In the entries below, print exactly the lines from the first through the one with "Cassee?s Women?s Blue", both included, and none of the pictures.

[Start of Attachment]

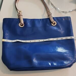 Michael Kors patent leather tote. This is the popular Jet Set tote in a bright blue patent leather with tan leather handles.
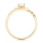 The client originally wanted a two-tone shank design using some combination of rose and white gold. But after viewing renders of several different color options, she decided to go with the solid yellow gold look. Each side of the band runs straight up until about the middle of the shoulder, where it curves to the right to wrap around one of the diamonds.
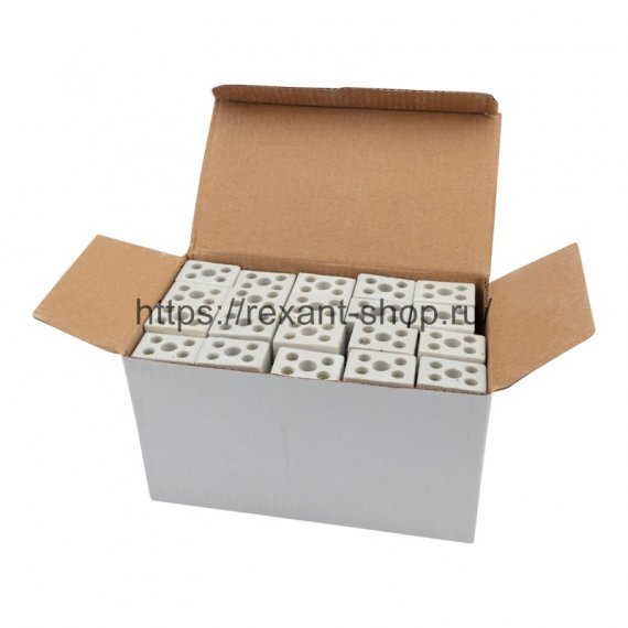 Клемма керамическая винтовая 10 мм? 2 пары контактов с крепежным отверстием (100 шт./уп.) REXANT
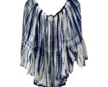 Cassee?s Women?s Blue White Tie-Dye Peasant Blouse Size 2X ? Rayon Boho Off-Shoulder Top
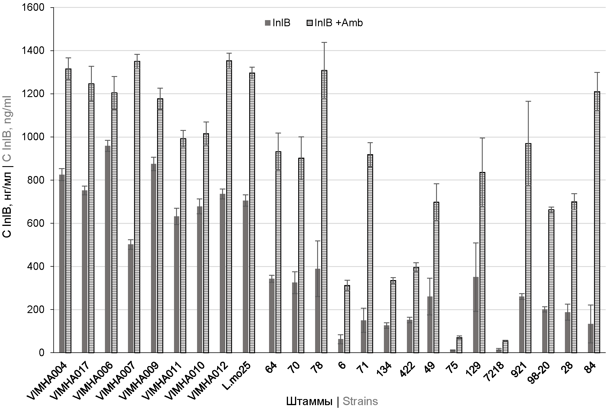 Analysis of production levels of InlA and InlB invasion factors in Listeria monocytogenes isolates collected in the Russian Federation

[End of Attachment]

*COMPLETED EXERCISE*
 Michael Kors patent leather tote. This is the popular Jet Set tote in a bright blue patent leather with tan leather handles.
 The client originally wanted a two-tone shank design using some combination of rose and white gold. But after viewing renders of several different color options, she decided to go with the solid yellow gold look. Each side of the band runs straight up until about the middle of the shoulder, where it curves to the right to wrap around one of the diamonds.
 Клемма керамическая винтовая 10 мм? 2 пары контактов с крепежным отверстием (100 шт./уп.) REXANT
 Cassee?s Women?s Blue White Tie-Dye Peasant Blouse Size 2X ? Rayon Boho Off-Shoulder Top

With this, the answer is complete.